- [REQUIREMENT] Copy all records exactly, excluding images.

- [SUPPLIED DATA]

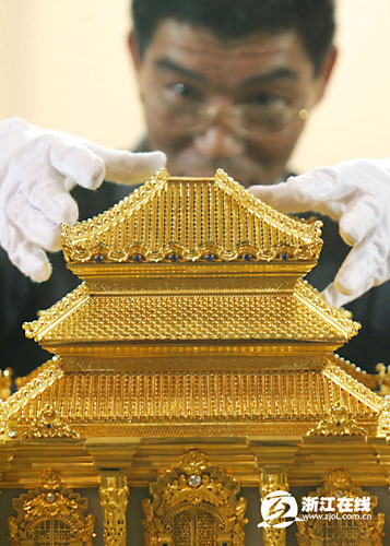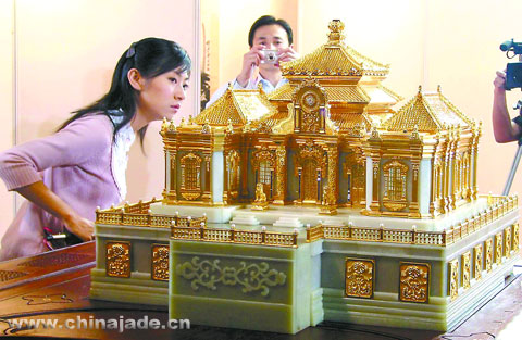 据介绍,"圆明园金玉大水法"制成于上世纪80年代,由80多位能工巧匠经5年多时间完成,它以1∶38的比例精致再现了圆明园内的重要建筑"大水法"。它的评估价值为2.33亿元人民币,堪称"国内第一标"。它实际耗用瑞士进口千足黄金60公斤,上乘珠宝翠钻4500粒,其中南非钻石约2500粒,斯里兰卡、缅甸、泰国产红蓝绿宝石1200粒,珍珠590粒,翡翠210块,"骨架"是从2.5吨重的新疆玉料中精选160公斤和田玉制成的,底座由已故国画大师关山月工作室设计制作
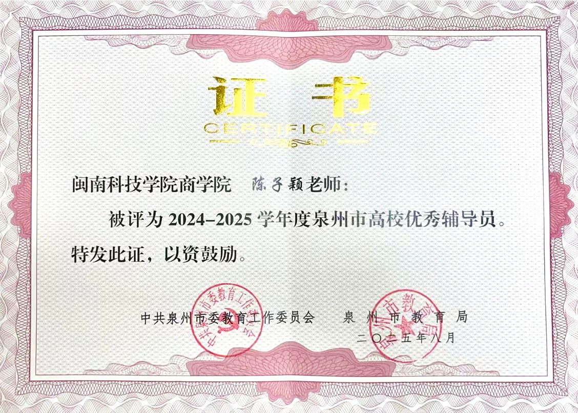 近日,泉州市教育局公布《2024-2025学年中小学优秀班主任、先进德育工作者和高校优秀辅导员、优秀思想政治教育工作者名单》,MK网页版登录入口生命科学与化学学院党委书记苏清山获评“泉州市高校优秀思想政治教育工作者”,商学院辅导员陈子颖获评“泉州市高校优秀辅导员”。
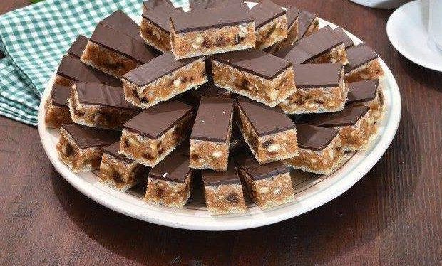 2.Тргнете од оган, додадете ги мелените бисквити и мелените ореви. Оставете да излади.
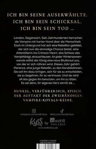 London, Gegenwart. Seit Jahrhunderten herrschen die Vampire mit harter Hand über die Menschheit. Doch im Untergrund hat sich eine Rebellion gebildet. Eine Gruppe von Menschen, die nicht länger bereit ist, diese Unterdrückung hinzunehmen. Auch Florence ist Teil des Widerstands und wurde von Geburt an auf ihre bevorstehende Aufgabe vorbereitet. Mit ihr hat die Rebellion erstmals die Chance, eine Attentäterin ins Crimson Heart, das Schloss des Vampirkönigs, einzuschleusen. An jeder Wintersonnenwende wählt der König eine neue Blutbraut aus, von der er sich nähren wird. Und dieses Jahr gehört Florence zu den Kandidatinnen. Sie soll ihn dazu bringen, sich für sie zu entscheiden, sie zu begehren, ihr zu vertrauen. Und sie wird all das gegen ihn benutzen, um ihn zu töten. Es sei denn, ihr eigenes Herz verrät sie …
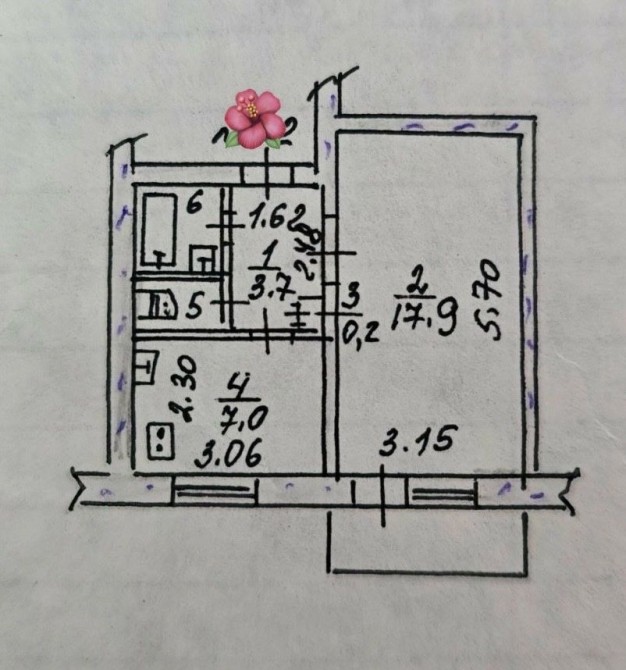 • Площадь кухни 7 м2
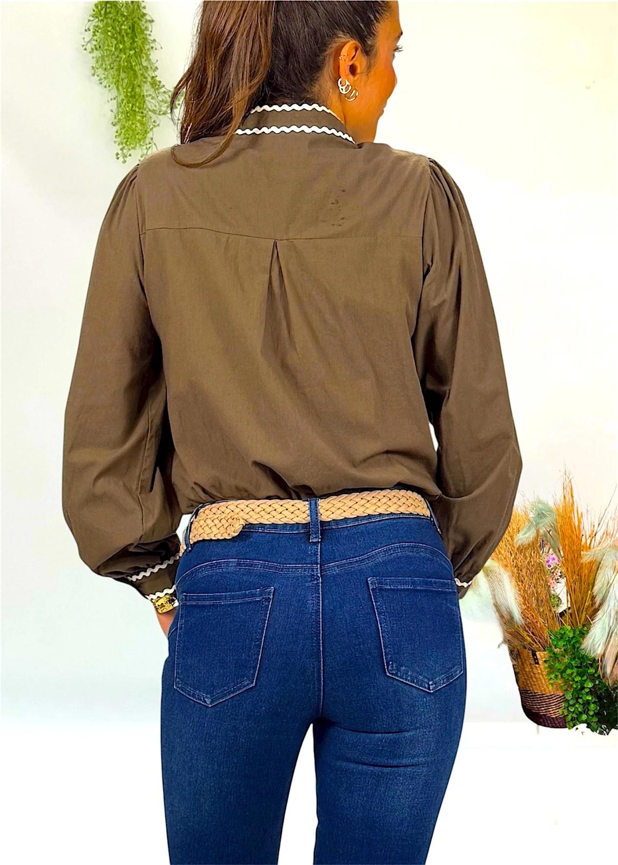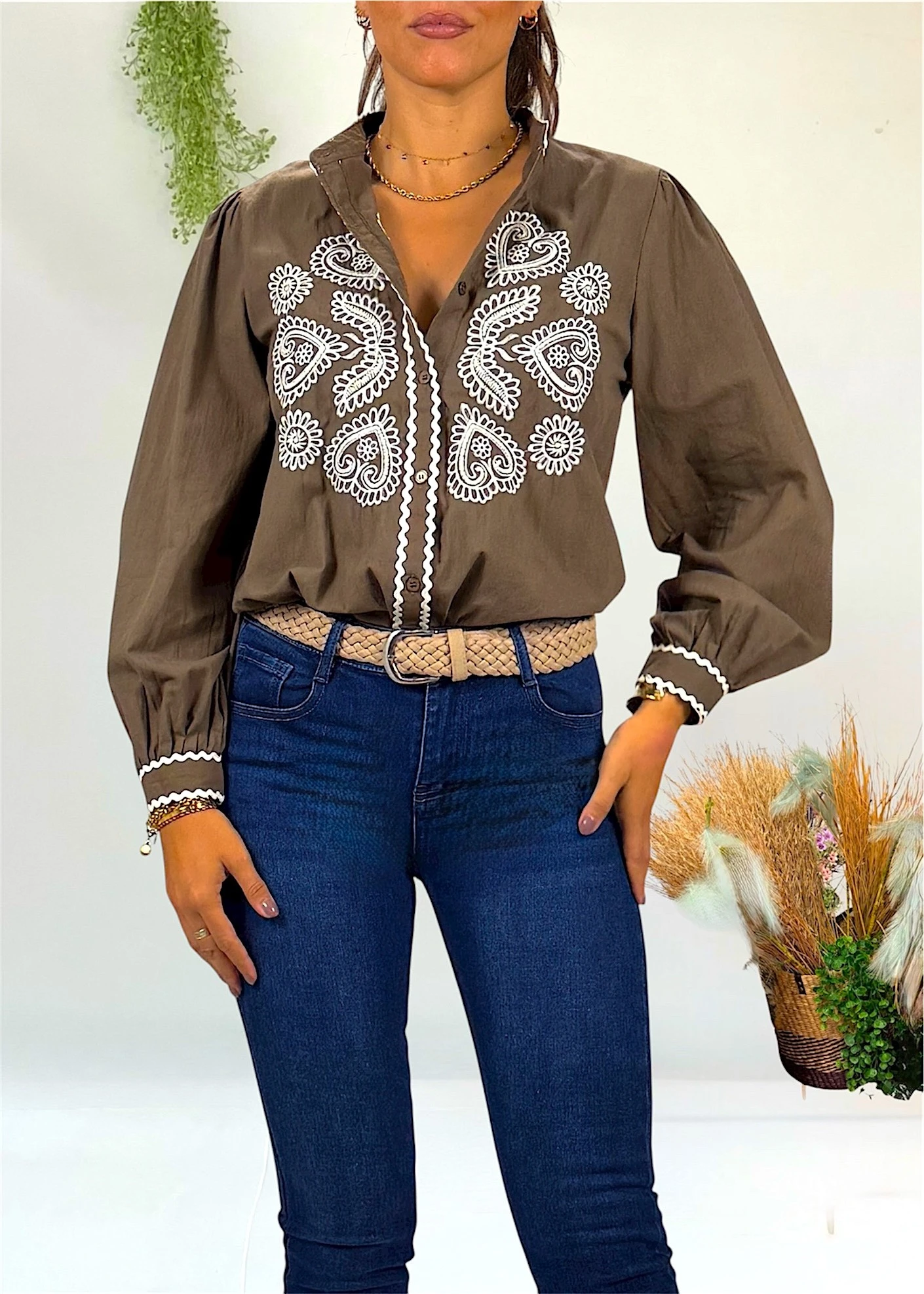 Blusa marrón con bordado blanco roto que combina artesanía y estilo en una prenda atemporal de inspiración boho.
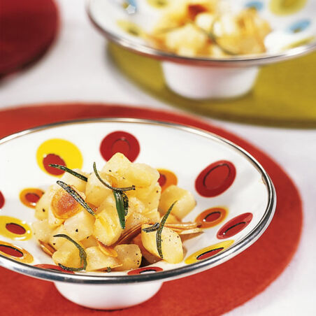 Öl in einer Pfanne heiß werden lassen. Die Mandeln einrühren und so lange braten, bis sie goldgelb sind, herausfischen. Sellerie mit Rosmarin in die Pfanne füllen und bei mittlerer Hitze 8-10 Minuten braten, bis die Selleriewürfel leicht braun sind. Dabei immer wieder durchrühren.
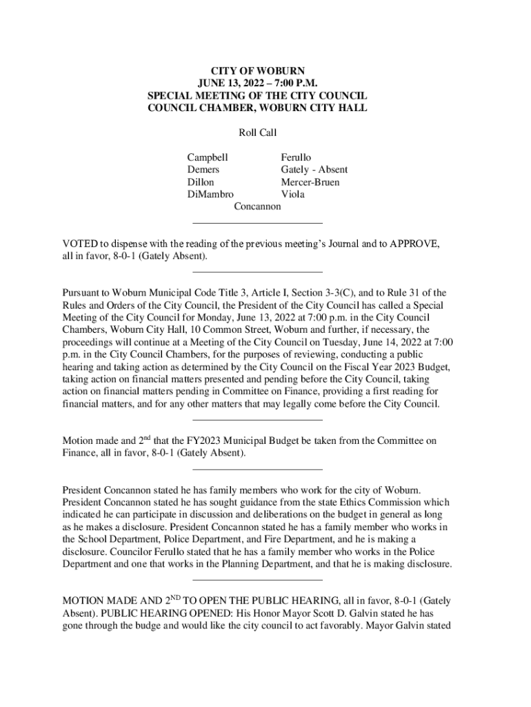 CITY OF WOBURN JUNE 13, 2022 7:00 P.M. SPECIAL MEETING OF THE CITY COUNCIL CHAMBER, WOBURN CITY HALL Roll Call Campbell Defers Dillon DiMambroFerullo Lately Absent MercerBruen Viola Concannon ___VOTED
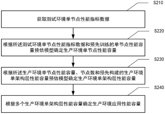 而根据测试环境单节点性能指标数据和预先训练的单节点性能容量预估模型确定生产环境单节点性能容量包括:根据测试环境单节点性能指标数据和测试环境单节点性能容量预估模型确定测试环境单节点性能容量;以及根据测试环境单节点性能容量和生产环境单节点性能容量转换模型确定生产环境单节点性能容量。
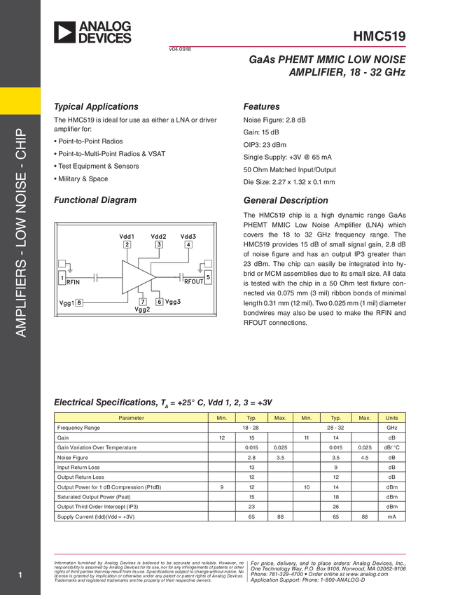 GaAs pHEMT MMIC Low Noise Amplifier, 18 - 31 GHz
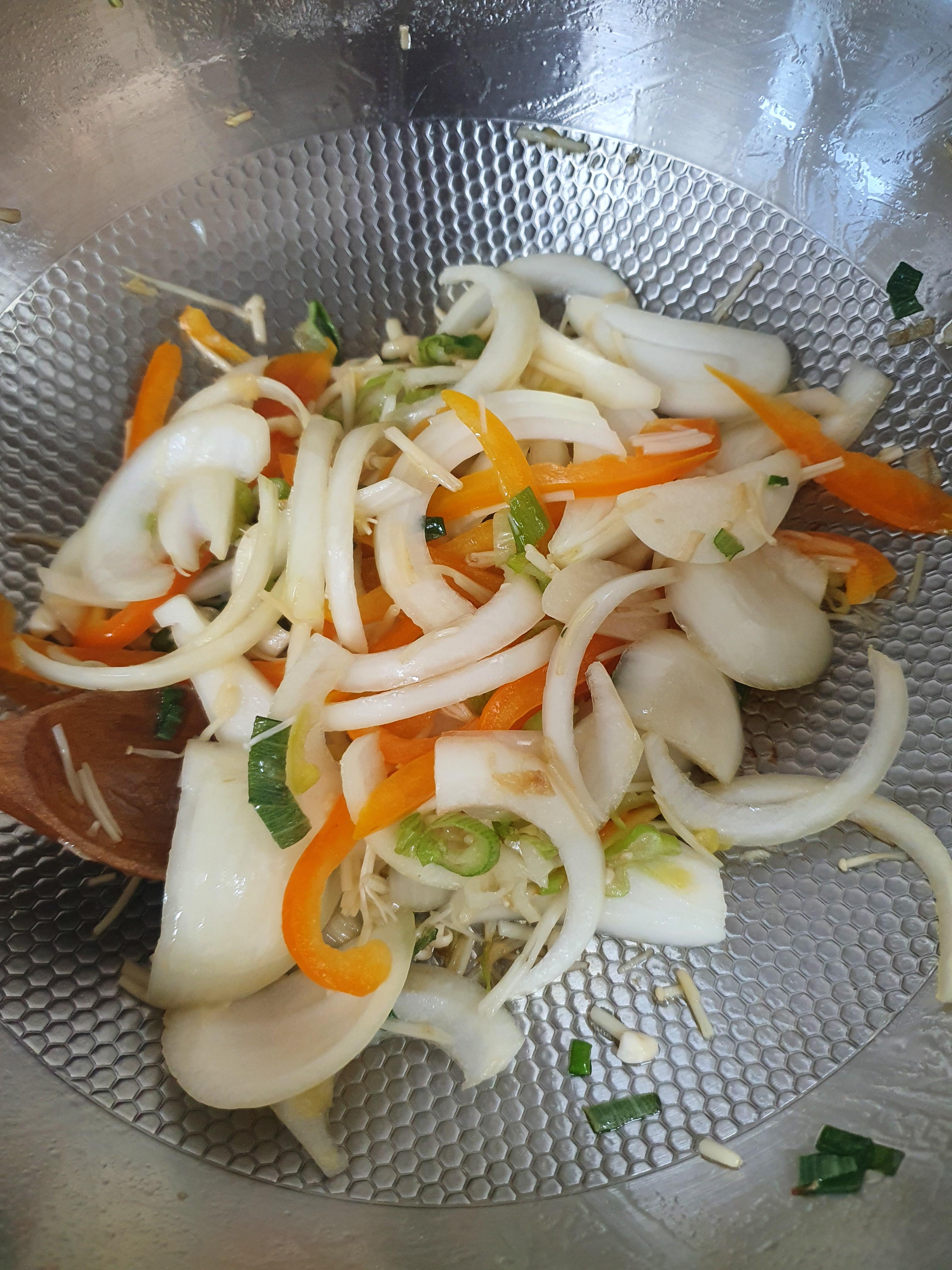 파 기름이 완성되면 손질해 놓은 야채를 넣고, 굴소스와 간장을 넣어 볶아 주세요.^^ 볶는 정도는 양파가 투명한 색이 띌 정도까지만 볶아주시면 됩니다.~^^
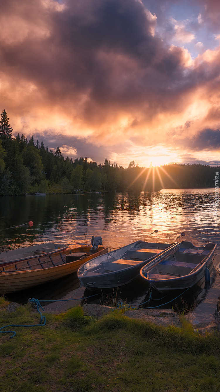 Edytor tapety: Łódki na jeziorze w szeregu

- [TASK OUTPUT]
 据介绍,"圆明园金玉大水法"制成于上世纪80年代,由80多位能工巧匠经5年多时间完成,它以1∶38的比例精致再现了圆明园内的重要建筑"大水法"。它的评估价值为2.33亿元人民币,堪称"国内第一标"。它实际耗用瑞士进口千足黄金60公斤,上乘珠宝翠钻4500粒,其中南非钻石约2500粒,斯里兰卡、缅甸、泰国产红蓝绿宝石1200粒,珍珠590粒,翡翠210块,"骨架"是从2.5吨重的新疆玉料中精选160公斤和田玉制成的,底座由已故国画大师关山月工作室设计制作
 近日,泉州市教育局公布《2024-2025学年中小学优秀班主任、先进德育工作者和高校优秀辅导员、优秀思想政治教育工作者名单》,MK网页版登录入口生命科学与化学学院党委书记苏清山获评“泉州市高校优秀思想政治教育工作者”,商学院辅导员陈子颖获评“泉州市高校优秀辅导员”。
 2.Тргнете од оган, додадете ги мелените бисквити и мелените ореви. Оставете да излади.
 London, Gegenwart. Seit Jahrhunderten herrschen die Vampire mit harter Hand über die Menschheit. Doch im Untergrund hat sich eine Rebellion gebildet. Eine Gruppe von Menschen, die nicht länger bereit ist, diese Unterdrückung hinzunehmen. Auch Florence ist Teil des Widerstands und wurde von Geburt an auf ihre bevorstehende Aufgabe vorbereitet. Mit ihr hat die Rebellion erstmals die Chance, eine Attentäterin ins Crimson Heart, das Schloss des Vampirkönigs, einzuschleusen. An jeder Wintersonnenwende wählt der König eine neue Blutbraut aus, von der er sich nähren wird. Und dieses Jahr gehört Florence zu den Kandidatinnen. Sie soll ihn dazu bringen, sich für sie zu entscheiden, sie zu begehren, ihr zu vertrauen. Und sie wird all das gegen ihn benutzen, um ihn zu töten. Es sei denn, ihr eigenes Herz verrät sie …
 • Площадь кухни 7 м2
 Blusa marrón con bordado blanco roto que combina artesanía y estilo en una prenda atemporal de inspiración boho.
 Öl in einer Pfanne heiß werden lassen. Die Mandeln einrühren und so lange braten, bis sie goldgelb sind, herausfischen. Sellerie mit Rosmarin in die Pfanne füllen und bei mittlerer Hitze 8-10 Minuten braten, bis die Selleriewürfel leicht braun sind. Dabei immer wieder durchrühren.
 CITY OF WOBURN JUNE 13, 2022 7:00 P.M. SPECIAL MEETING OF THE CITY COUNCIL CHAMBER, WOBURN CITY HALL Roll Call Campbell Defers Dillon DiMambroFerullo Lately Absent MercerBruen Viola Concannon ___VOTED
 而根据测试环境单节点性能指标数据和预先训练的单节点性能容量预估模型确定生产环境单节点性能容量包括:根据测试环境单节点性能指标数据和测试环境单节点性能容量预估模型确定测试环境单节点性能容量;以及根据测试环境单节点性能容量和生产环境单节点性能容量转换模型确定生产环境单节点性能容量。
 GaAs pHEMT MMIC Low Noise Amplifier, 18 - 31 GHz
 파 기름이 완성되면 손질해 놓은 야채를 넣고, 굴소스와 간장을 넣어 볶아 주세요.^^ 볶는 정도는 양파가 투명한 색이 띌 정도까지만 볶아주시면 됩니다.~^^
 Edytor tapety: Łódki na jeziorze w szeregu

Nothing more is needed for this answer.